Active search for recovering objects of interest through online, adaptive decision making with autonomous agents requires trading off exploration of unknown environments with exploitation of prior observations in the search space. Prior work has proposed information gain and Thompson sampling based myopic, greedy approaches for agents to actively decide query or search locations when the number of targets is unknown. Decision making algorithms in such partially observable environments have also shown that agents capable of lookahead over a finite horizon outperform myopic policies for active search. Unfortunately, lookahead algorithms typically rely on building a computationally expensive search tree that is simulated and updated based on the agent's observations and a model of the environment dynamics. Instead, in this work, we leverage the sequence modeling abilities of diffusion models to sample lookahead action sequences that balance the exploration-exploitation trade-off for active search without building an exhaustive search tree. We identify the optimism bias in prior diffusion based reinforcement learning approaches when applied to the active search setting and propose mitigating solutions for efficient cost-aware decision making with both single and multi-agent teams. Our proposed algorithm outperforms standard baselines in offline reinforcement learning in terms of full recovery rate and is computationally more efficient than tree search in cost-aware active decision making.

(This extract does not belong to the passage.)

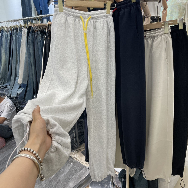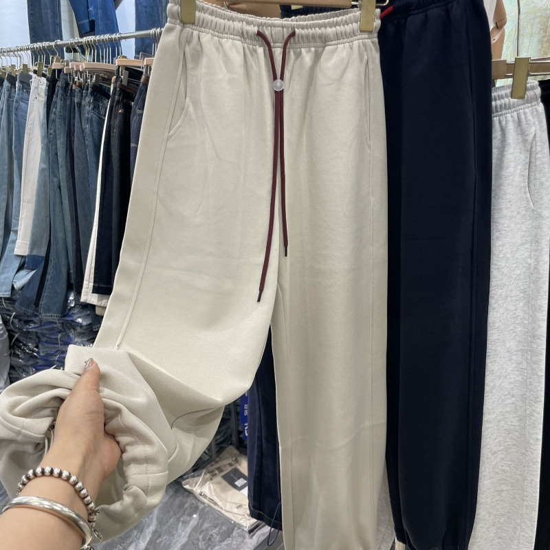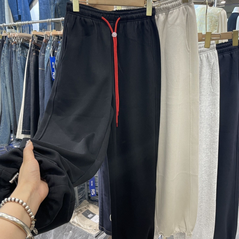 다채로운 현악기 스포츠 바지 유럽 두 착용 와이드 다리 발목 바지 가을 새로운 느슨한 캐주얼 스트레이트 바지

翻译：通过自主智能体进行在线自适应决策以恢复感兴趣对象的主动搜索，需要在搜索空间中权衡未知环境的探索与已有观测的利用。先前研究提出了基于信息增益和汤普森采样的短视贪婪方法，使智能体在目标数量未知时能主动决定查询或搜索位置。在此类部分可观测环境中的决策算法还表明，具备有限前瞻能力的智能体在主动搜索中表现优于短视策略。然而，前瞻算法通常依赖于构建计算成本高昂的搜索树，该树需根据智能体观测和环境动态模型进行模拟更新。本研究转而利用扩散模型的序列建模能力，通过采样前瞻动作序列来平衡主动搜索中的探索-利用权衡，而无需构建穷举式搜索树。我们发现了先前基于扩散的强化学习方法在主动搜索场景中存在的乐观偏差，并提出了适用于单智能体与多智能体团队的高效成本感知决策缓解方案。所提算法在离线强化学习中，其完全恢复率优于标准基线方法，且在成本感知主动决策中的计算效率高于树搜索算法。